Write out every line of the material as it stands, apart from the pictures.

DATA SECTION:
────────────────────

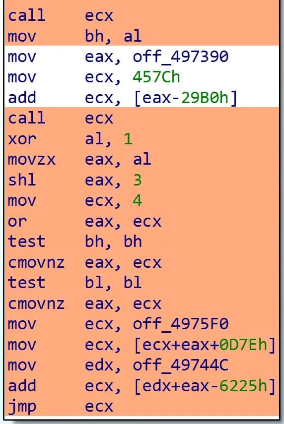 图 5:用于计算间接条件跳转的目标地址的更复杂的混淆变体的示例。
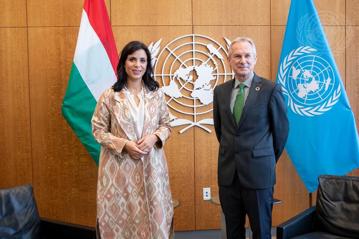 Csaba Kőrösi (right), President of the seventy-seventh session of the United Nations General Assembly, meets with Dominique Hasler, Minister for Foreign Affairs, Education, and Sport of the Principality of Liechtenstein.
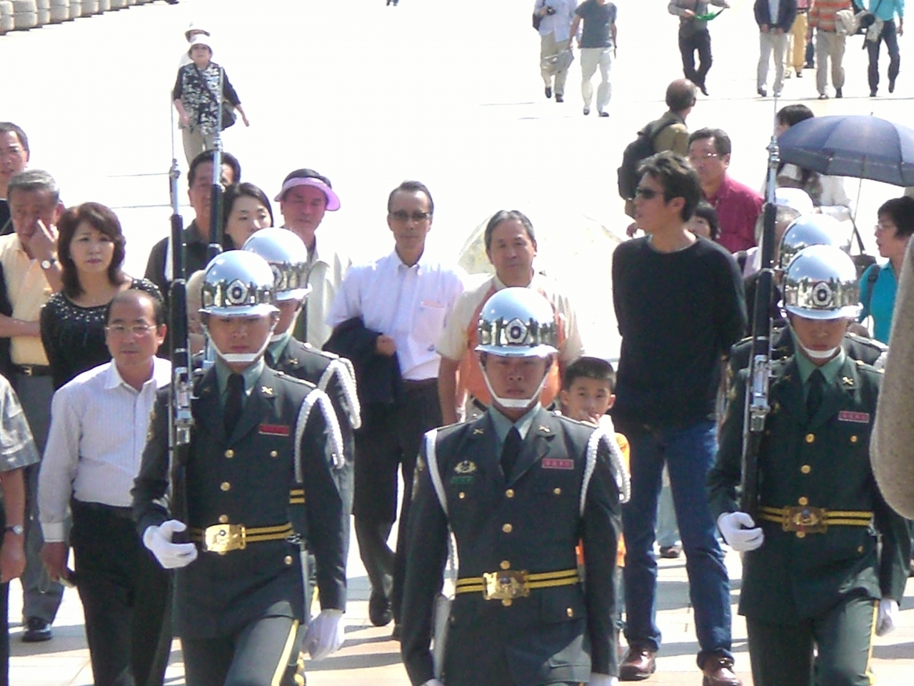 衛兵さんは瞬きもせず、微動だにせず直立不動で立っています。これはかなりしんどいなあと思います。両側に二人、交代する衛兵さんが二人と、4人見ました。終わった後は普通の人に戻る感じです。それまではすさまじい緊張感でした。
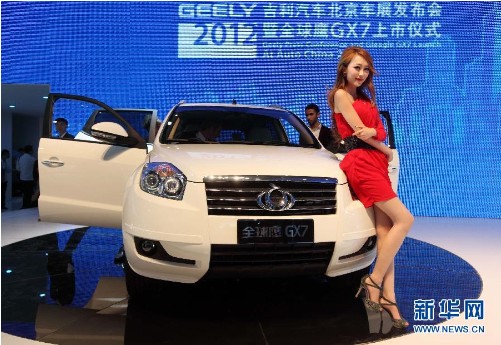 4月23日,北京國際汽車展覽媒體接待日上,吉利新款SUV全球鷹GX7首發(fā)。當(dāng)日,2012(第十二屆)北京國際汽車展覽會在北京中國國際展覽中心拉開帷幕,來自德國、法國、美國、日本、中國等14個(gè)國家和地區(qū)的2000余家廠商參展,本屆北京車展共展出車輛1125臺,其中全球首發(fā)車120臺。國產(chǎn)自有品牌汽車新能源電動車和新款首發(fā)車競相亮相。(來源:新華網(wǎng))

────────────────────

SOLUTION:
 图 5:用于计算间接条件跳转的目标地址的更复杂的混淆变体的示例。
 Csaba Kőrösi (right), President of the seventy-seventh session of the United Nations General Assembly, meets with Dominique Hasler, Minister for Foreign Affairs, Education, and Sport of the Principality of Liechtenstein.
 衛兵さんは瞬きもせず、微動だにせず直立不動で立っています。これはかなりしんどいなあと思います。両側に二人、交代する衛兵さんが二人と、4人見ました。終わった後は普通の人に戻る感じです。それまではすさまじい緊張感でした。
 4月23日,北京國際汽車展覽媒體接待日上,吉利新款SUV全球鷹GX7首發(fā)。當(dāng)日,2012(第十二屆)北京國際汽車展覽會在北京中國國際展覽中心拉開帷幕,來自德國、法國、美國、日本、中國等14個(gè)國家和地區(qū)的2000余家廠商參展,本屆北京車展共展出車輛1125臺,其中全球首發(fā)車120臺。國產(chǎn)自有品牌汽車新能源電動車和新款首發(fā)車競相亮相。(來源:新華網(wǎng))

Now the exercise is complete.